A bone marrow transplant (BMT) replaces a patient’s unhealthy or destroyed blood-forming cells with healthy stem cells. This treatment is necessary for individuals suffering from conditions like leukemia, lymphoma, severe aplastic anemia, or certain immune deficiency disorders. The procedure involves first eliminating the patient’s diseased cells, usually through high-dose chemotherapy or radiation, and then infusing the donor’s healthy cells intravenously, much like a blood transfusion. These healthy stem cells travel to the bone marrow cavity, where they begin producing new, functional blood cells. Finding a compatible donor whose cells the patient’s body will not reject is essential for success.
Understanding HLA Compatibility
The search for a suitable donor centers on matching specific proteins called Human Leukocyte Antigens (HLA), which act as identification markers on the surface of most cells. These antigens allow the immune system to distinguish its own cells from foreign invaders. A close match in the HLA profile is necessary to prevent the donor’s immune cells from attacking the recipient, a serious complication known as Graft-versus-Host Disease (GVHD). Compatibility also impacts the risk of the patient’s body rejecting the new stem cells, which is called graft failure.
HLA genes are inherited in blocks, called haplotypes, with one haplotype coming from each parent. A complete match involves identity across multiple HLA loci, typically eight to twelve markers, which determine the transplant outcome. Since a child inherits half of their HLA markers from each parent, this inheritance pattern explains why certain relatives are more likely to be a match. High-resolution DNA typing determines the exact sequence of these genes, providing the most detailed assessment of compatibility. The more antigens that match, the better the engraftment of the donated cells.
The Familial Donor Hierarchy
The search for a donor begins within the patient’s immediate family due to the high probability of genetic overlap. Full siblings offer the best chance of a perfect HLA match, with a 25% probability of inheriting the exact same two haplotypes. An HLA-identical sibling is the preferred source for an allogeneic transplant because of the superior clinical outcomes associated with this level of matching.
If a fully matched sibling is unavailable, the search extends to parents and children, who are always at least a half-match, known as haplo-identical. This occurs because every child inherits one of the two haplotypes from each parent, guaranteeing a 50% match at the relevant loci. Advances in medical protocols allow for successful haplo-identical transplants, making a parent or child a common and rapidly available alternative donor source.
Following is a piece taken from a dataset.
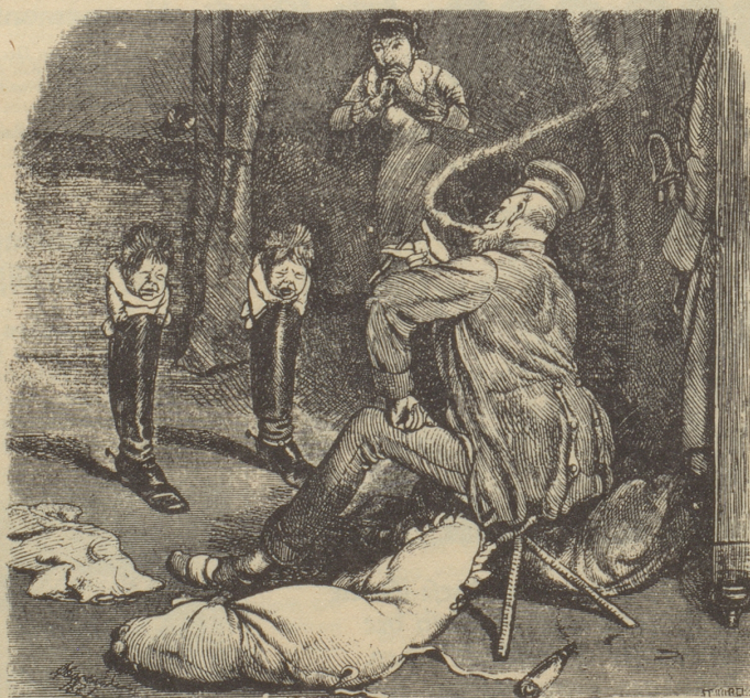
Des Kriegers Kinder. „Unsere Zwillinge werden Prachtsoldaten — sie stehn bereits in Reih und Glied!“

«Jo, aber ersch dia arma Chaiba, wo no öppis drin gha händ.» Lt. Sch.

Other extended relatives, such as aunts, uncles, or cousins, may also be considered, though the probability of a high-level match drops significantly.
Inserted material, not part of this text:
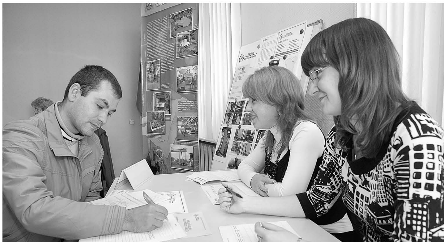
Ярмарка вакансий и учебных мест – это прямой диалог с тем, кто готов взять вас на работу.

На 55,5 тысячи вакансий сегодня в Подмосковье приходится 28,1 тысячи граждан, официально признанных безработными

Comprehensive Donor Evaluation
Once a family member is identified as a potential match through initial HLA testing, they undergo an extensive medical evaluation to confirm their suitability and safety as a donor. This process begins with detailed, high-resolution HLA typing to confirm the precise degree of compatibility. Medical teams perform a comprehensive physical examination and take a complete medical history to ensure the donor is in good health and can safely undergo the procedure.
The evaluation includes blood tests to screen for infectious diseases, such as HIV, Hepatitis B and C, and Cytomegalovirus (CMV), which could be transmitted to the recipient. Diagnostic tests, including an electrocardiogram (EKG) and chest X-ray, are performed to assess heart and lung function. Potential donors also participate in counseling sessions, where they are informed about the risks and procedural details to ensure they provide informed consent before the donation.
The Donation Procedures
Stem cells can be collected from a family donor through two primary methods: Peripheral Blood Stem Cell (PBSC) donation or a surgical bone marrow harvest. PBSC donation is the more common, non-surgical, outpatient procedure today. For five days leading up to the collection, the donor receives injections of filgrastim (G-CSF), which prompts the bone marrow to release stem cells into the bloodstream.
The collection is performed through apheresis, where blood is drawn from one arm, passed through a machine that filters out the stem cells, and the remaining blood is returned to the donor through the other arm. Donors may experience mild, flu-like symptoms, bone pain, or muscle aches from the G-CSF injections, which subside shortly after the donation is complete.
The alternative, a surgical bone marrow harvest, is performed in an operating room under general or spinal anesthesia. During the harvest, a liquid sample of bone marrow is withdrawn using needles inserted into the back of the pelvic bone. This procedure usually takes one to two hours, and most donors are discharged the same day or after an overnight stay. Recovery involves mild discomfort, such as back or hip pain and soreness at the collection site, managed with over-the-counter pain relievers. The medical team chooses the method based on the patient’s disease and which stem cell source offers the best chance for a successful outcome.